How broad is the scope of ICE's surveillance? Very broad:

Such a wide scope raises huge concerns that judges and authorities could use such orders to monitor and criminalise millions of Americans, including almost six million citizen children under the age of 18 living with a parent or family member who is undocumented. ICE has said it deported 256,000 people in 2018, a record amount, including 5,571 unaccompanied children. ICE is also known to be monitoring people sympathetic to enforcing immigrants’ rights, labelling them as “Anti-Trump” protestors. It was reported earlier this week that ICE is locking up thousands of people it has detained in solitary confinement by exploiting measures supposed to be used as a last resort.

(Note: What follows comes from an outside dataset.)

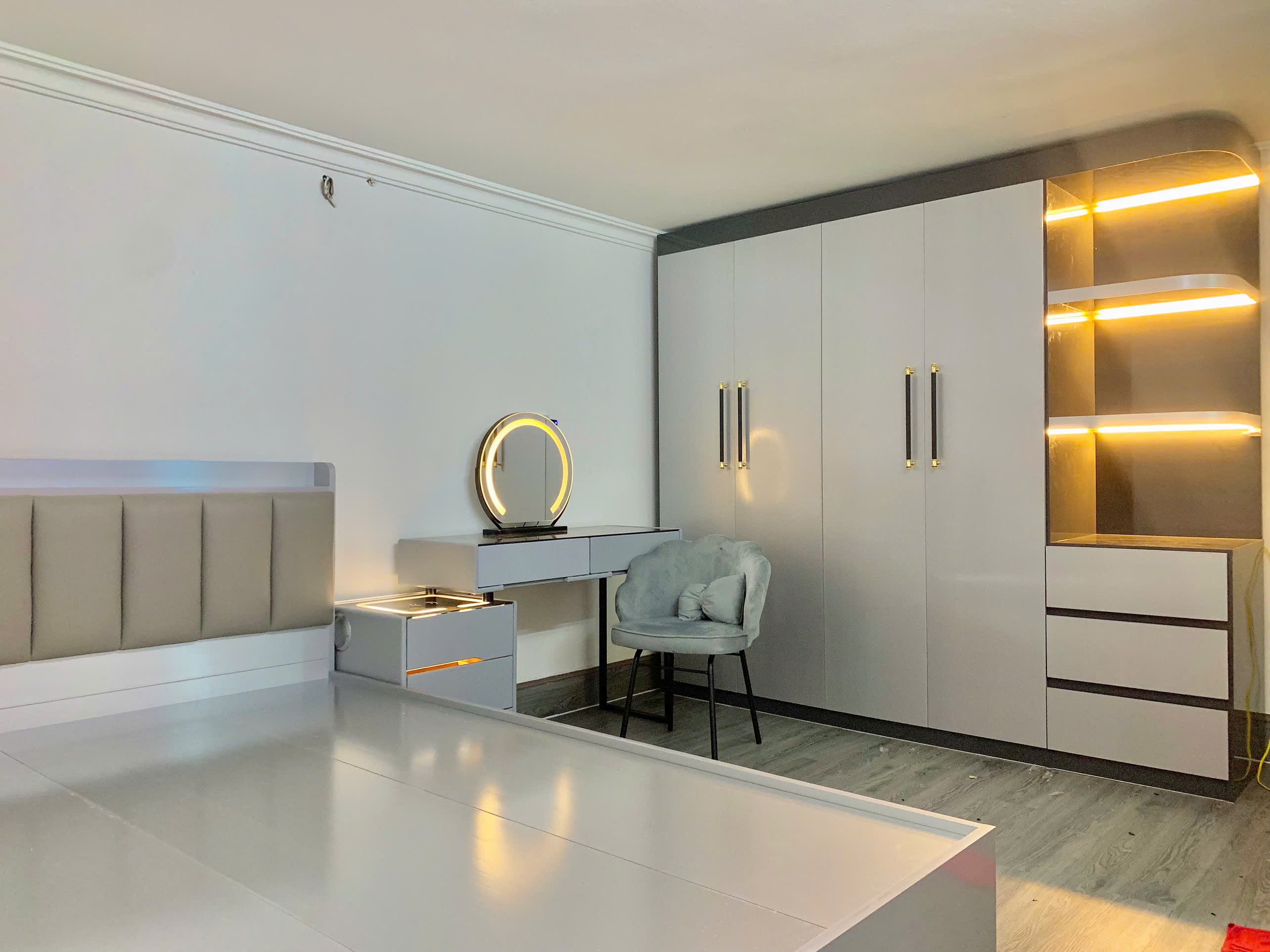 Thường thì, với một phòng ngủ dành cho 2 người, bạn chỉ nên mua một tủ quần áo có kích thước phù hợp và một giường ngủ với chiều rộng và chiều dài tương xứng với không gian. Ngoài ra, kích thước của cánh cửa phòng ngủ cũng không nên quá lớn, vì điều này có thể làm mất đi sự cân đối của căn phòng.

JSI Telecom, a company you've likely never heard of, is a big deal in the government-corporate surveillance game:

JSI Telecom, which describes itself as a “leading provider of communications intercept collection solution”, is one of over 500 companies worldwide which profits from governments' demand for advanced surveillance tools. In addition to ICE, JSI has surveillance contracts with the Drug Enforcement Administration and the Federal Bureau of Investigation. It has also received payments from the State Department for projects in Guatemala and Indonesia, part of a broader programme of US agencies using aid and other public money to empower foreign security agencies with surveillance capabilities.

ICE also buys big data datasets from major third-party data aggregators like the news organization Thomson Reuters:

Last year, media multinational Thomson Reuters defended its contracts with ICE after Privacy International highlighted the company had made nearly $50 million from selling the agency access to a “vast collection of public and proprietary records”. This includes phone records, consumer and credit bureau data, healthcare provider content, utilities data, DMV records, World-Check listings, business data, data from social networks and chatrooms, and “live access to more than 7 billion license plate detections”.

Big data and its abuse is not your friend. It's used by the powerful for the obvious purpose, to suppress and arrest their enemies. But it's also used for a more insidious purpose — to influence U.S. elections in their favor.Yes, there are now several ways to buy elections. Directly purchasing candidates is just one of them. Pervasive, unnoticed, constant, soft propaganda, visited on the whole population to promote the candidates and causes of the wealthy, is another. Welcome to the world that Americans continue to allow themselves to live within.